The records below must be repeated exactly, but without their pictures.

----- Listed entries

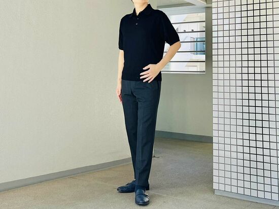 これまでポロシャツのNG印象といえば、「長すぎる丈がだらしない」など、サイズ感に関わるテーマが中心だったように記憶しています。ところがクールビズ解禁から20年が経ち、ポロシャツ生地のバリエーション増加からも、今回は生地感にフォーカスできました。
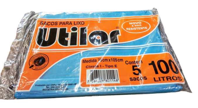 Saco Lixo Utilar Dobrado Azul 100L Com 5
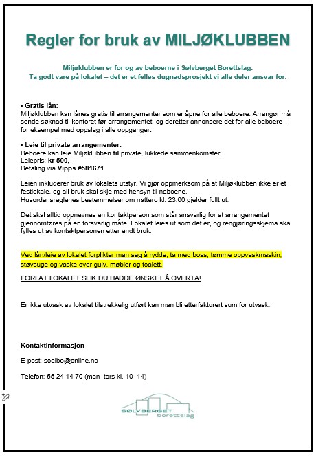 DETTE LOKALET ER KUN TILGJENGELIG FOR SØLVBERGETS BEBOERE.
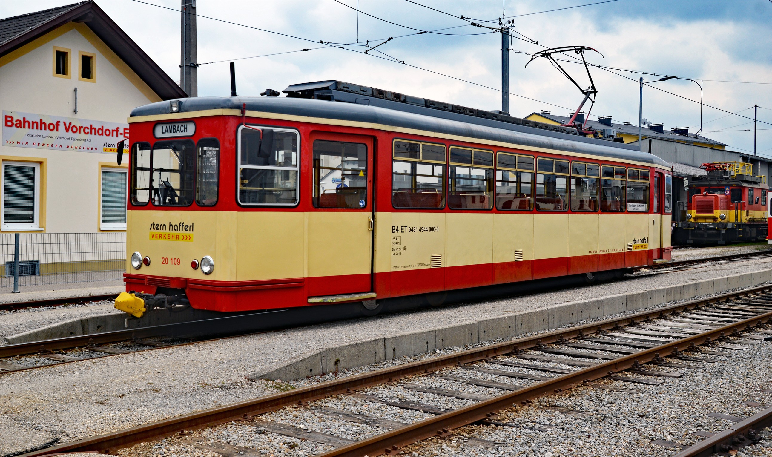 LVE Lokalbahn Lambach - Vorchdorf-Eggenberg Normalspurbahn Triebwagen, Bahnbetriebswerk Vorchdorf, ex Extertaler ex SLB ET21, Kölner-Triebwagen LVE Lokalbahn Lambach - Vorchdorf-Eggenberg Normalspurbahn Triebwagen, Bahnbetriebswerk Vorchdorf, Kölner-Triebwagen im Bahnhof Vorchdorf-Eggenberg LVE Lokalbahn Lambach - Vorchdorf-Eggenberg Normalspurbahn Triebwagen, Bahnbetriebswerk Vorchdorf, ex Extertaler ex SLB ET21, Bahnhof-Vorchdorf/Eggenberg hinten StH-Turmtriebwagen
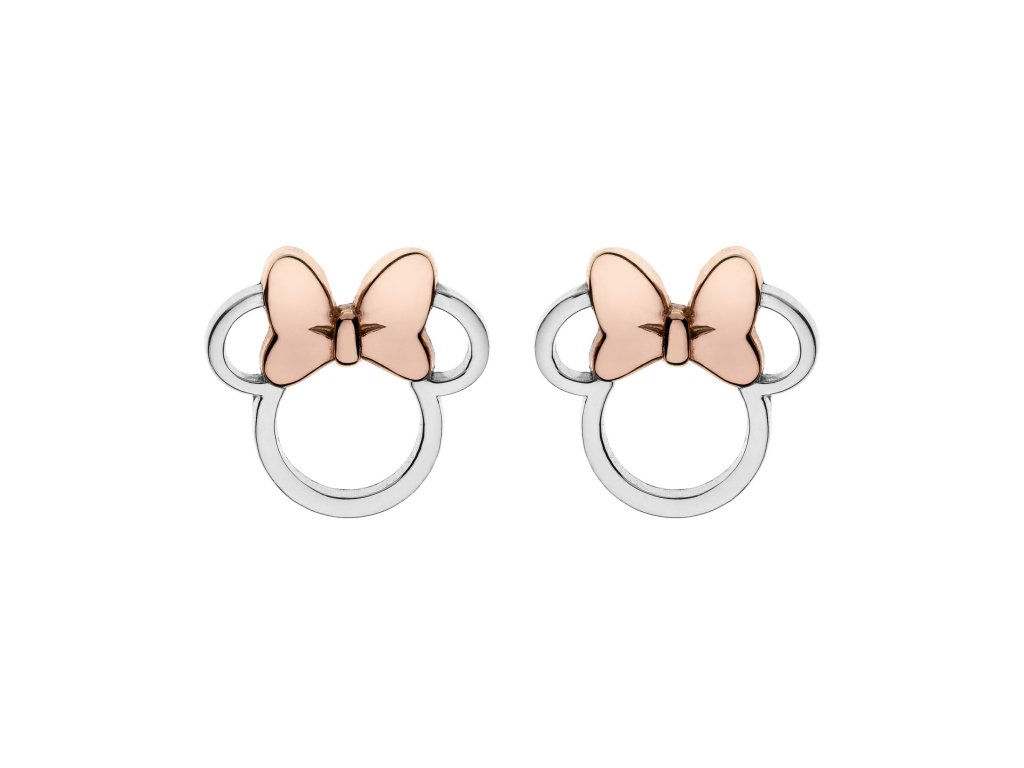 Earrings with the outline of the character Minnie Mouse from Disney are made of high quality sterling silver with a shiny finish. These stylish earrings are dominated by a rose gold plated bow. They fasten with a button, which ensures comfortable wearing and prevents loss of earrings. They come in a stylish box. The weight of the jewel is 1,8 g.

----------

→ **Exercise result**
 これまでポロシャツのNG印象といえば、「長すぎる丈がだらしない」など、サイズ感に関わるテーマが中心だったように記憶しています。ところがクールビズ解禁から20年が経ち、ポロシャツ生地のバリエーション増加からも、今回は生地感にフォーカスできました。
 Saco Lixo Utilar Dobrado Azul 100L Com 5
 DETTE LOKALET ER KUN TILGJENGELIG FOR SØLVBERGETS BEBOERE.
 LVE Lokalbahn Lambach - Vorchdorf-Eggenberg Normalspurbahn Triebwagen, Bahnbetriebswerk Vorchdorf, ex Extertaler ex SLB ET21, Kölner-Triebwagen LVE Lokalbahn Lambach - Vorchdorf-Eggenberg Normalspurbahn Triebwagen, Bahnbetriebswerk Vorchdorf, Kölner-Triebwagen im Bahnhof Vorchdorf-Eggenberg LVE Lokalbahn Lambach - Vorchdorf-Eggenberg Normalspurbahn Triebwagen, Bahnbetriebswerk Vorchdorf, ex Extertaler ex SLB ET21, Bahnhof-Vorchdorf/Eggenberg hinten StH-Turmtriebwagen
 Earrings with the outline of the character Minnie Mouse from Disney are made of high quality sterling silver with a shiny finish. These stylish earrings are dominated by a rose gold plated bow. They fasten with a button, which ensures comfortable wearing and prevents loss of earrings. They come in a stylish box. The weight of the jewel is 1,8 g.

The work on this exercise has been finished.